Graph & Signal Processing

Participants : Paulo Gonçalves, Éric Fleury, Sarra Ben Alaya, Esteban Bautista Ruiz, Gaëtan Frusque, Sarah de Nigris, Mikhail Tsitsvero.

Fractional Semi-Supervised Machine Learning

Graph-based semi-supervised learning for classification endorses a nice interpretation in terms of diffusive random walks, where the regularisation factor in the original optimisation formulation plays the role of a restarting probability. Recently, a new type of biased random walks for characterising certain dynamics on networks have been defined and rely on the γ-th power of the standard Laplacian matrix 𝐋γ, with γ>0. In particular, these processes embed long range transitions, the Lévy flights, that are capable of one-step jumps between far-distant states (nodes) of the graph. In a series of two articles [28] and [29], we envisioned to build upon these volatile random walks to propose two new versions of graph based semi-supervised learning algorithms: one called fractional SSL corresponds to the case where 0<γ<1 whose classification outcome could benefit from the dynamics induced by the fractional transition matrix, and the other less straightforwardly connected to random walks, derives from γ>1.
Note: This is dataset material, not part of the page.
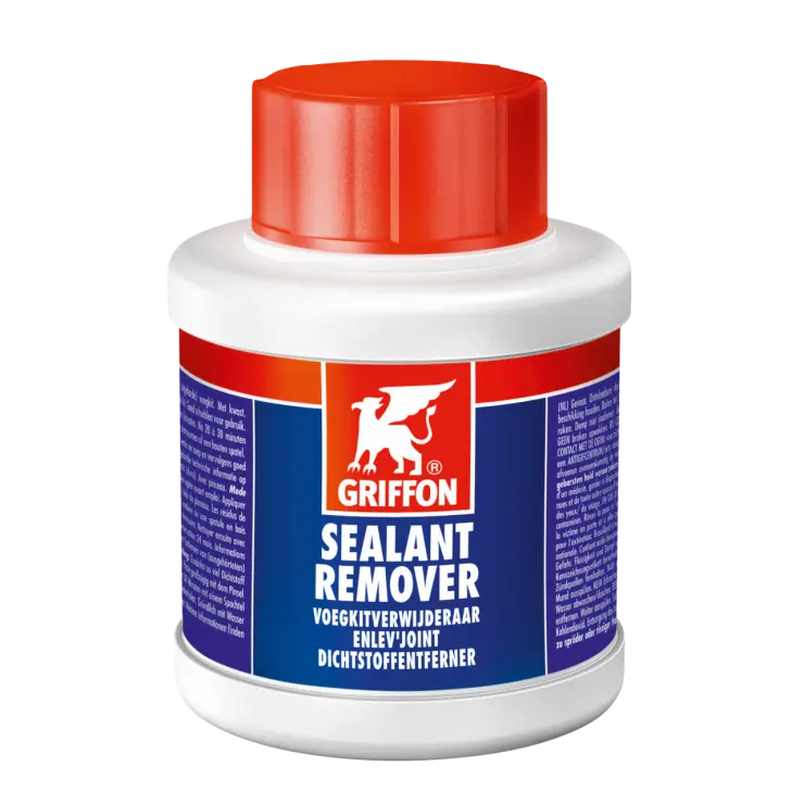 Shake closed bottle vigorously for about a minute. Cut old sealant loose with a sharp box cutter/ knife. Use the hook of the GRIFFON Multitool to pull the old sealant out of the joint. Remove as much of the existing sealant as possible. Apply the paste generously onto the old sealant residue. Allow to act for at least 30 minutes. Remove old sealant residues with cleaning cloth, glass scraper or sanitary sponge. If necessary, repeat the treatment. Clean the joint thoroughly with a sponge and water. Degrease the surface with a lint-free cloth and let it dry thoroughly. Afterwards it's ready for a new sealant application.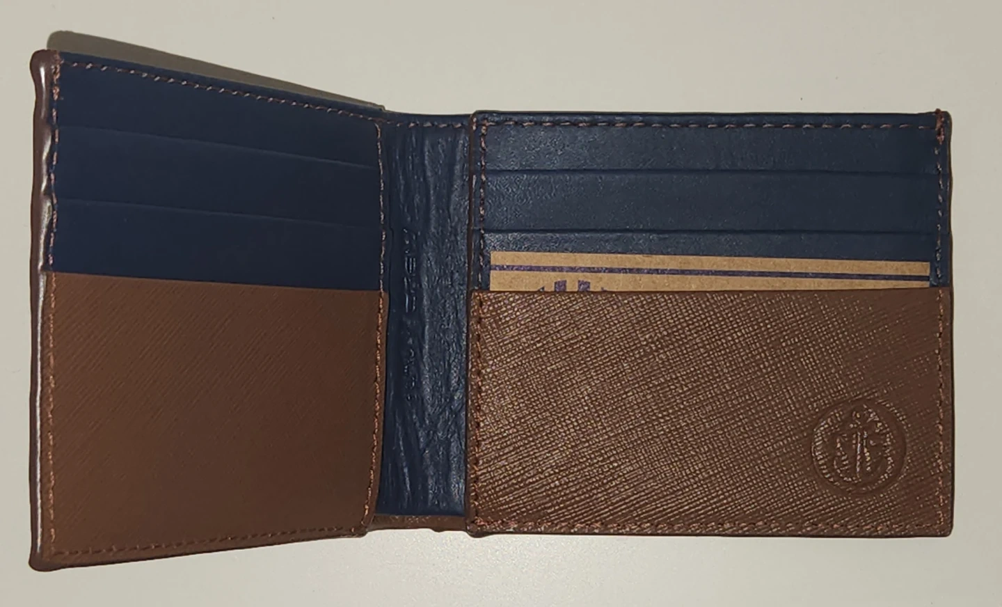 This elegant wallet features a sleek and functional design crafted from genuine Saffiano leather, known for its durability and refined texture.

Design of graph filters and filterbanks

Basic operations in graph signal processing consist in processing signals indexed on graphs either by filtering them or by changing their domain of representation, in order to better extract or analyze the important information they contain. The aim of our chapter [58] is to review general concepts underlying such filters and representations of graph signals. We first recall the different Graph Fourier Transforms that have been developed in the literature, and show how to introduce a notion of frequency analysis for graph signals by looking at their variations. Then, we move to the introduction of graph filters, that are defined like the classical equivalent for 1D signals or 2D images, as linear systems which operate on each frequency of a signal. Some examples of filters and of their implementations are given. Finally, as alternate representations of graph signals, we focus on multiscale transforms that are defined from filters. Continuous multiscale transforms such as spectral wavelets on graphs are reviewed, as well as the versatile approaches of filterbanks on graphs. Several variants of graph filterbanks are discussed, for structured as well as arbitrary graphs, with a focus on the central point of the choice of the decimation or aggregation operators.

GraSP: A Matlab Toolbox for Graph Signal Processing

In [30], we publicised the recent developments and new functionalities of our Graph Signal Processing Toolbox (GraSP).